Whatever his many detractors in Israel might say about him, no one can deny that President Shimon Peres has devoted much of his life to masterminding the survival of Israel and its citizens, through unremitting wars with Arab neighbours to daring operations like Entebbe (of which he is widely considered to have been the brains). The Queen and Prince Philip, on the other hand, have spent much of theirs gallivanting around the Commonwealth, gazing at natives’ bouncing dangly bits, in one “Bongo-Bongo Land” or another (let’s face it, I’m sure that’s how the wonderfully un-PC Prince would view them) .
Not a single member of the Royal Family has ever been on an official visit to Israel. During her 56-year reign, the Queen has undertaken over 250 official visits to more than 130 different countries. Her total abstinence from Israel is all the more remarkable when one considers her constitutional role as Head of the Church of England. Has no one ever informed her that some pretty heavy Christian sh*t has gone down here too?

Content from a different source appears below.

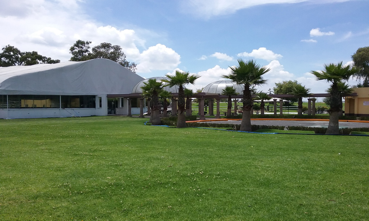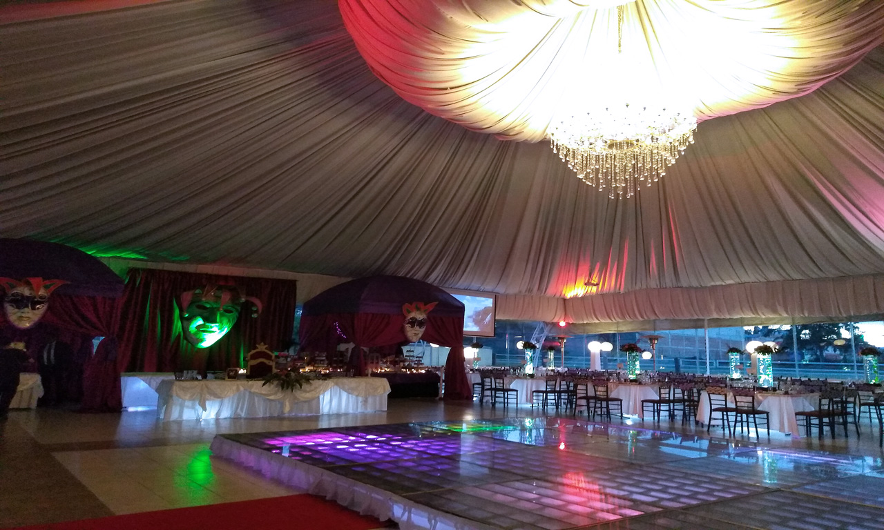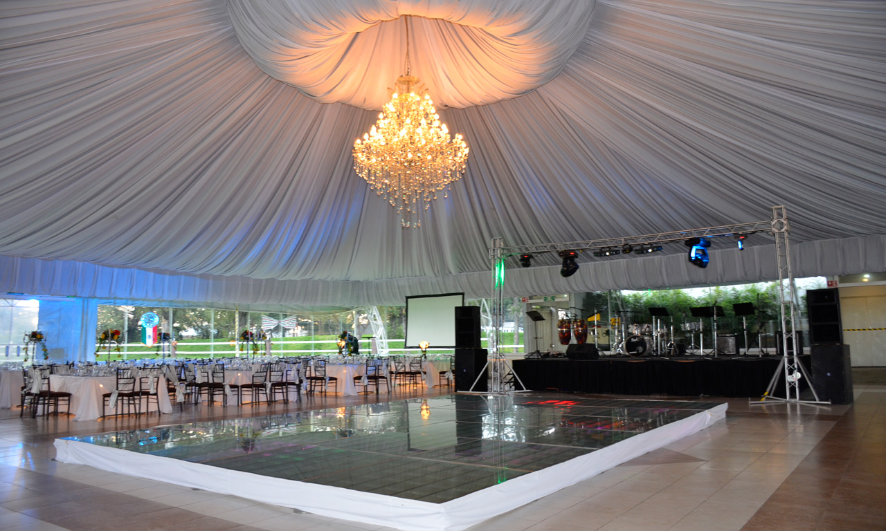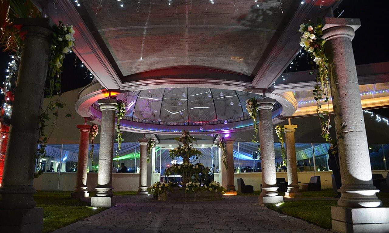 Salón “Jardín”, espectacular carpa con cristales para poder disfrutar de la vista de nuestros maravillosos jardines y de nuestro hermoso lago, rodeado de antorchas. Donde se destacan las telas en el plafón, y su espectacular candil, donde la luz arquitectónica le da una belleza, muy peculiar. La capacidad es desde 100 personas hasta 2000 personas.

A leaked email exchange between his aides, last year, suggested that Prince Charles – who has visited Israel once (for the funeral of Yitzhak Rabin) – was unlikely to do so again, as Israel might use any such visit to bolster its international image (God forbid). And the heir to the throne did not respond to a fresh invitation, last week, from President Peres – in town to receive an honorary knighthood from the Queen at Buckingham Palace – despite having said that it was his lifelong dream to visit the grave of his grandmother (Prince Philip’s mother), on the Mount of Olives (I suppose that cash flow could be an issue for the Prince, in these recessionary times).
In view, especially, of Britain’s deep, problematic involvement in the history of this Land (the effects of which are still felt here), the Royal reticence towards Israel does the Family a disservice and Israel a dishonour.
With the man’s penchant for international recognition, it was never going to happen, but President Peres should have politely declined this dishonourable knighthood.